A: Ah, the controversy. Some people say exactly 54 days in advance. Some say it depends on the season, and give a very exact number for each season. Maybe it depends on what the phase of the Moon is on the Saturday before the day you want to fly and what zodiac is rising and what you ate for breakfast two Mondays ago. I’ll never know.
This is my general rule: if I’m flying Southwest, I book as far in advance as possible. The beauty about Southwest is that if the flight drops in price, I can modify my original booking and get the original amount paid back as a flight credit. If I’m flying on any major holiday or three-day weekend, I’ll book as soon as possible, because those prices tend to only go up. If I’m flying a non-three day weekend on an airline that isn’t Southwest, I’ll generally book two months in advance. Supposedly the cheapest days to book airfare are Tuesday and Wednesday, but I’m not positive how true that is.
A cool thing you can do is track a flight via Google Flights, and then you’ll get an email when the price for the flight you’re interested in significantly drops.
Q: What about international flights?
A (Summer will take this one since it is her specialty): As Kat mentioned, establishing loyalty is super important. Just like with domestic travel, figure out if the place you want to go to often has a hub and fly with that airline. For example, if you fly to Amsterdam a lot, always fly KLM.
Also, get a credit card with no foreign transaction fees! Those add up so quickly when you’re traveling. You don’t want to be carrying around a ton of currency, so being able to use your credit card is pretty imperative.
You could also fly to a cheaper airport nearby and take a domestic flight or train once you get there (disclaimer: domestic flights have tighter baggage restrictions, so check on this when booking). I go to Edinburgh for research, but I usually fly into London or Amsterdam and then take short flight over. Last time I went, I flew into Glasgow and took a train over to Edinburgh. This approach can also work for domestic travel; flying into a farther airport and renting a car to drive where you want to go can save you $$$!
Q: Is TSA PreCheck really worth it?
A: In my opinion, ABSOLUTELY. What’s even more worth it is Global Entry, which is only $15 more than PreCheck, and allows you to enter customs when coming back from an international trip much quicker than everyone else. Global Entry comes with TSA PreCheck, and is valid for 5 years. With PreCheck, you get to skip taking off your shoes and taking our your laptop and liquids when you go through security. Plus, the TSA PreCheck line is almost always shorter and faster than normal security!

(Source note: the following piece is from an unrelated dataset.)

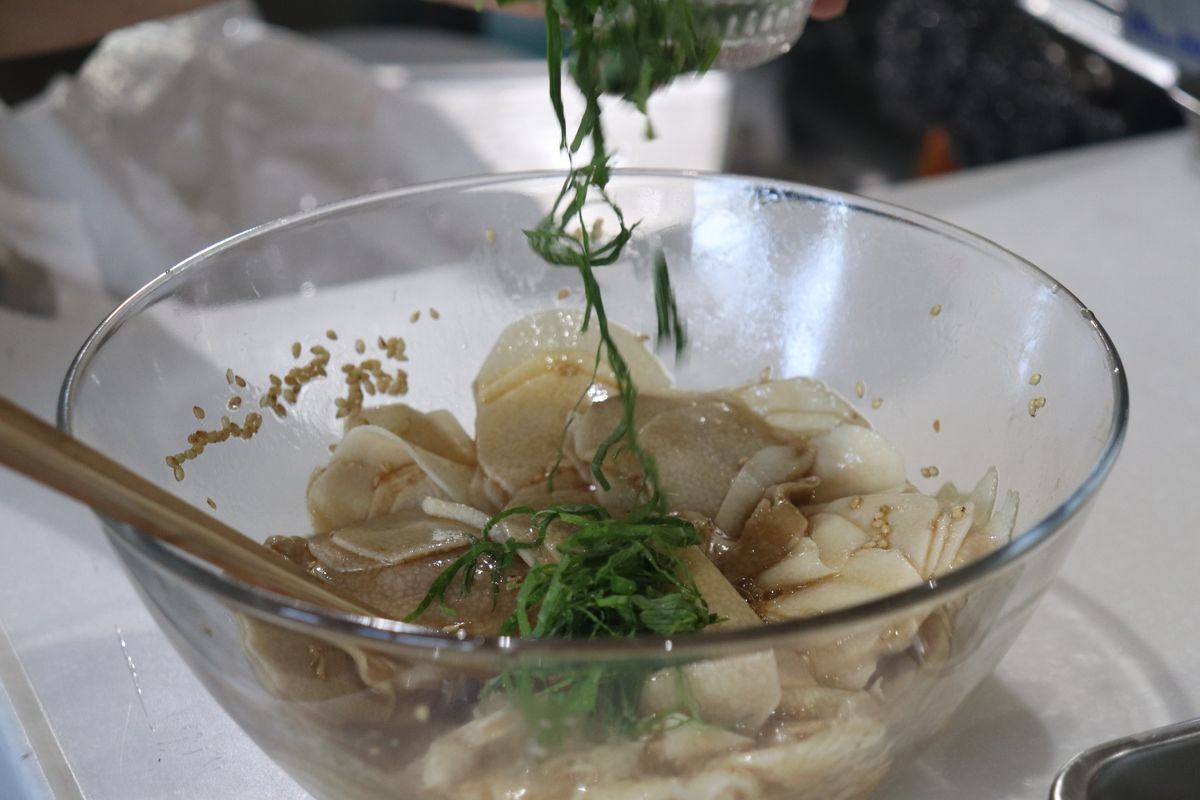 6.3で刻んだしそをボウルに入れ、よくかき混ぜたら完成!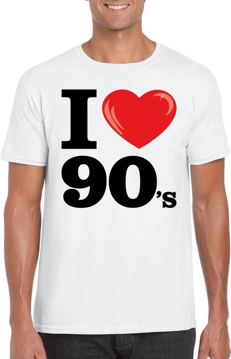 I love 90's t-shirt wit voor heren. Op dit shirt staat I hartje 90's. Materiaal: 150 grams, 100% katoen.

A lot of travel credit cards will pay for your Global entry or TSA PreCheck enrollment fee in the form of a statement credit, so if you’re shopping for a new travel card, it might be worth it for you to consider that benefit in your search.
DISCLAIMER: While traveling, rewards, points, getting the bang for my buck, etc. is my absolute jam, I am by no means an expert and I encourage you to do your own research before making any financial decisions. I would love for you to use my advice as a jumping off point for you in your quest to find the best way for you to travel—so please take my advice with a grain of salt! I love sharing my knowledge and experiences from traveling weekly for two years, and am always happy to answer any questions you might have.